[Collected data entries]
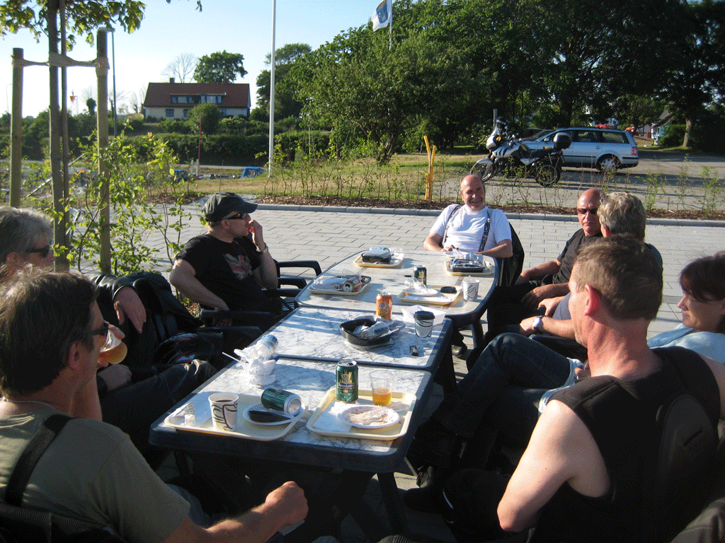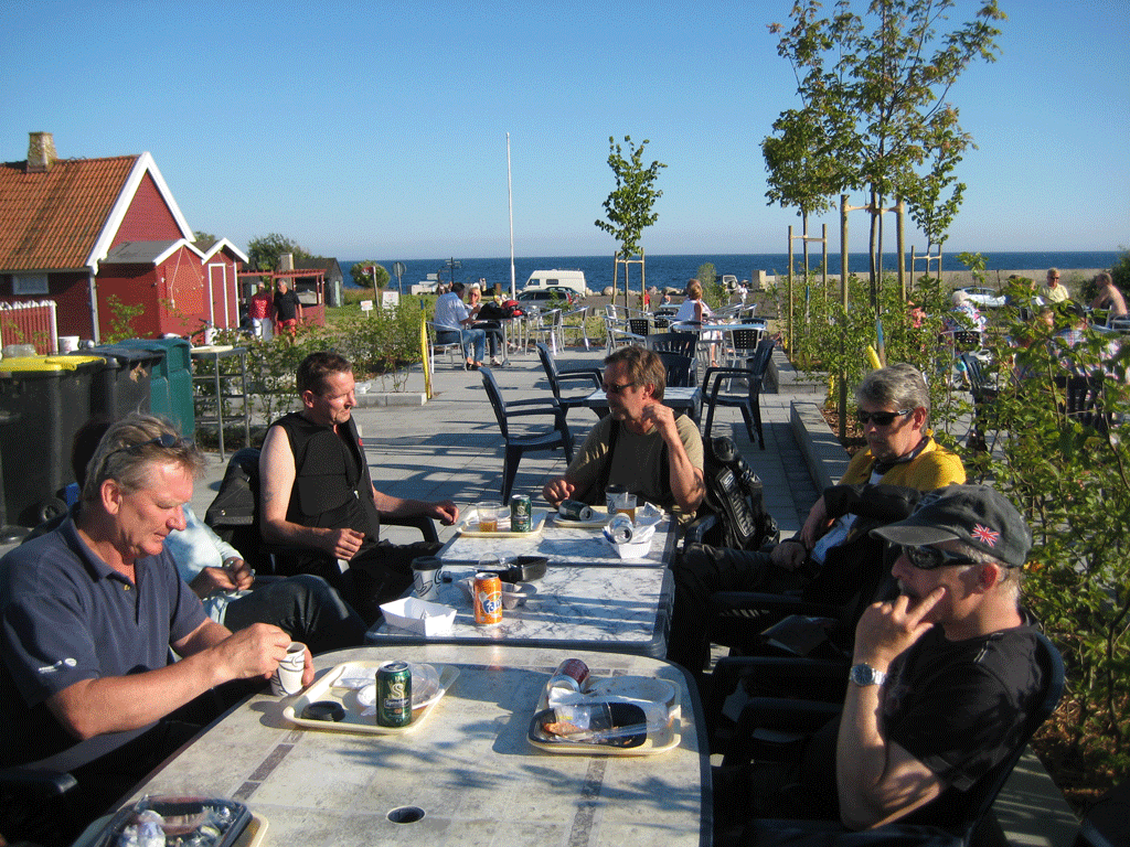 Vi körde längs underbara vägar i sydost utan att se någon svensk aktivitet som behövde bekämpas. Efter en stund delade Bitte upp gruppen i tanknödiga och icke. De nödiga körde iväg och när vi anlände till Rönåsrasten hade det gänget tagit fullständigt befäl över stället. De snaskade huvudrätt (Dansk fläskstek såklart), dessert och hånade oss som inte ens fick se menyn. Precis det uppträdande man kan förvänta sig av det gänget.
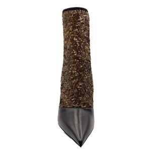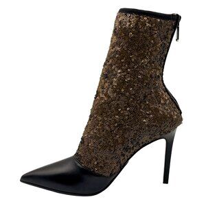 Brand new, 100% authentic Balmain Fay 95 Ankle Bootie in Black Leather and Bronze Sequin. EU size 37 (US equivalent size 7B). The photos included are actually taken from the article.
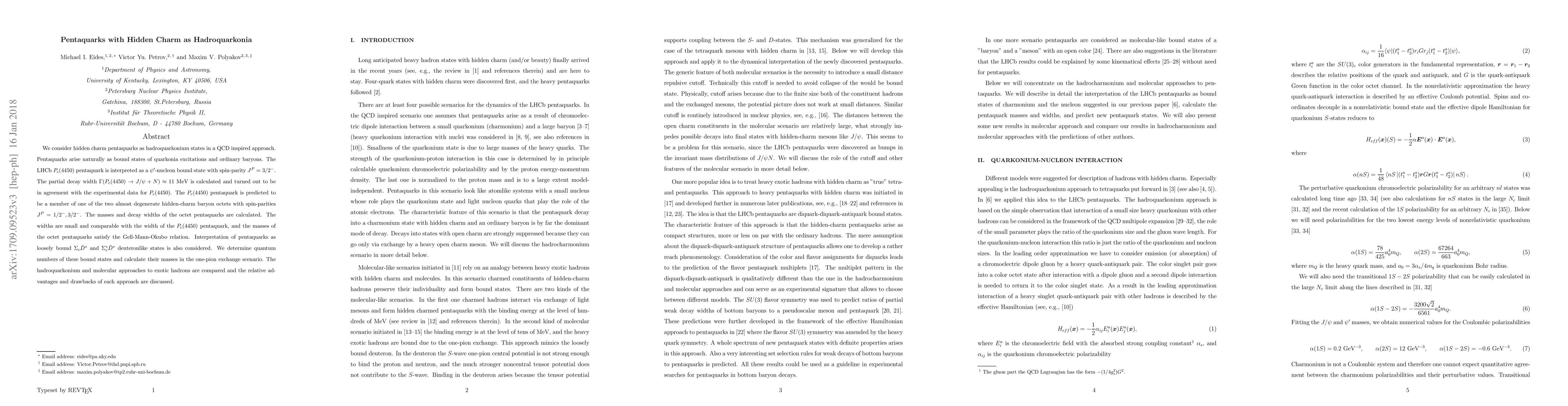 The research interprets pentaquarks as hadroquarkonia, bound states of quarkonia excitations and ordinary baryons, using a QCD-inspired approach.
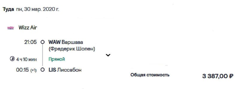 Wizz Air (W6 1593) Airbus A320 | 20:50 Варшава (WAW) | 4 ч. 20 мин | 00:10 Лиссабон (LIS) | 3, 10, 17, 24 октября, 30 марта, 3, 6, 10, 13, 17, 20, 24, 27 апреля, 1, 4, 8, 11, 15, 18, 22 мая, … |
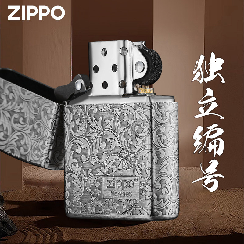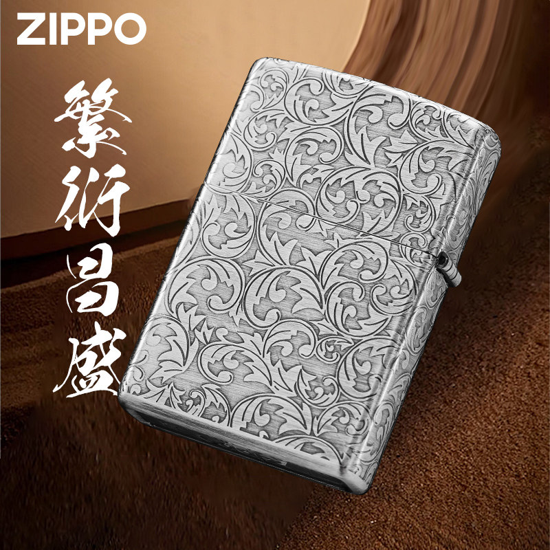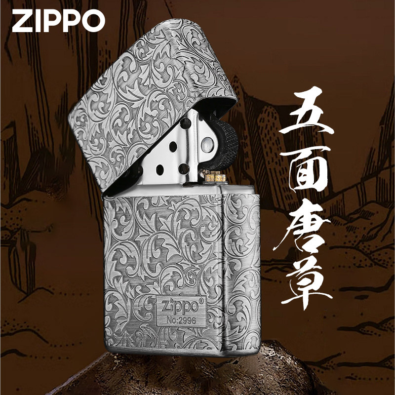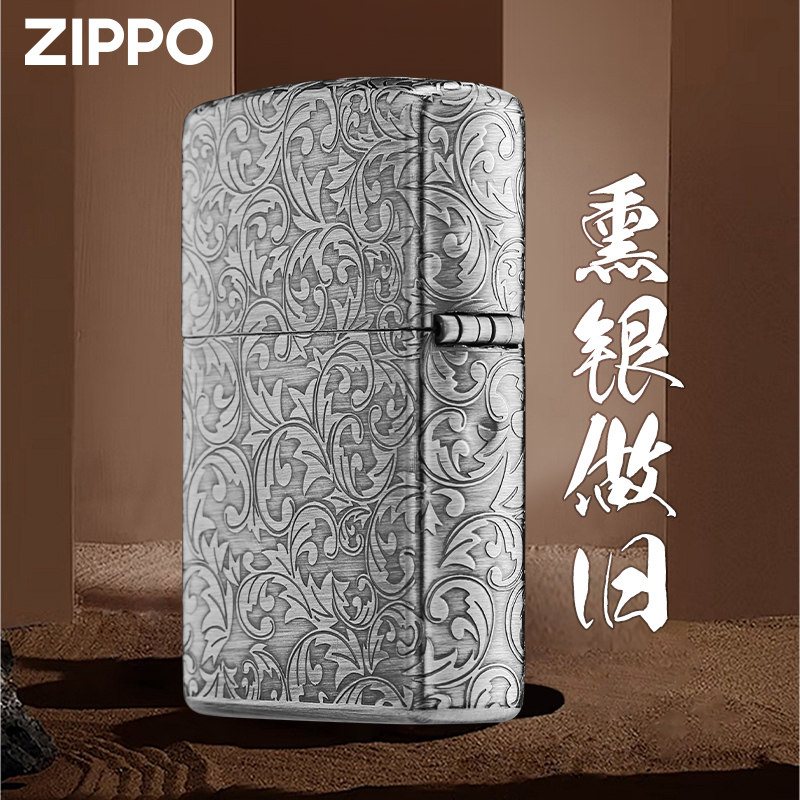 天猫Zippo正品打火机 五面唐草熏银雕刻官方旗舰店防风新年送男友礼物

• [WORK REQUEST] Your task is to retype the lines running from the one that contains "Brand new, 100%" through the end of the records, and nothing else. Pictures are not part of the copy.

• [RESULT OF THIS TASK]
 Brand new, 100% authentic Balmain Fay 95 Ankle Bootie in Black Leather and Bronze Sequin. EU size 37 (US equivalent size 7B). The photos included are actually taken from the article.
 The research interprets pentaquarks as hadroquarkonia, bound states of quarkonia excitations and ordinary baryons, using a QCD-inspired approach.
 Wizz Air (W6 1593) Airbus A320 | 20:50 Варшава (WAW) | 4 ч. 20 мин | 00:10 Лиссабон (LIS) | 3, 10, 17, 24 октября, 30 марта, 3, 6, 10, 13, 17, 20, 24, 27 апреля, 1, 4, 8, 11, 15, 18, 22 мая, … |
 天猫Zippo正品打火机 五面唐草熏银雕刻官方旗舰店防风新年送男友礼物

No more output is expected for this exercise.